Data Structure
The data outputs of this project are intended to be used by researchers of all levels, from those with no knowledge of the underlying TEI-XML data, through to experienced users who nevertheless want to access the data in a format that enables cross-comparison.
You do not need to be able to run the processor in order to access the outputs. They can be found in the tabular_data/output
folder, where there are two kinds:
- Collection: these are the data which have been extracted from the collection files, and so predominantly contain information about manuscripts and manuscript parts.

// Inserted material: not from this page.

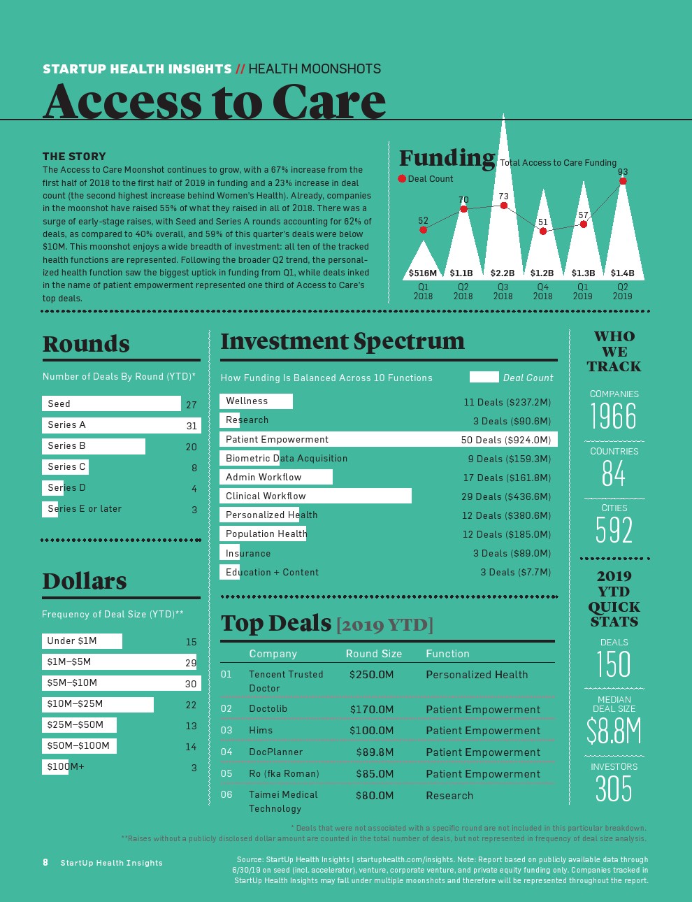 患者是医疗革命的灵魂,医疗保健市场的投资的推动者也是患者。例如,腾讯企鹅医生融资2.5亿美元后将为中国13亿人提供高质量的医疗服务。医疗科技公司Thrive Earlier Detection获得1亿美元融资,用于推进针对特定患者的检测。这使得个性化保健成为2019年第二季度最受欢迎的健康医疗分支领域,投资额超过6.8亿美元。

- Authority: these are the data which have been extracted from the authority files which accompany the collection, and so predominantly contain information about people, places, and organisations associated with the collections.
Download
The data are presented in three formats:
- A single XLSX (Excel) file, containing tabs for each of the configured outputs. This is the recommended format, as the data in each tab are grouped into sections, with accompanying notes explaining the content of each column.
- A set of CSV files, each one corresponding to a tab in the XLSX output.
- A set of JSON files, each one corresponding to a tab in the XLSX output.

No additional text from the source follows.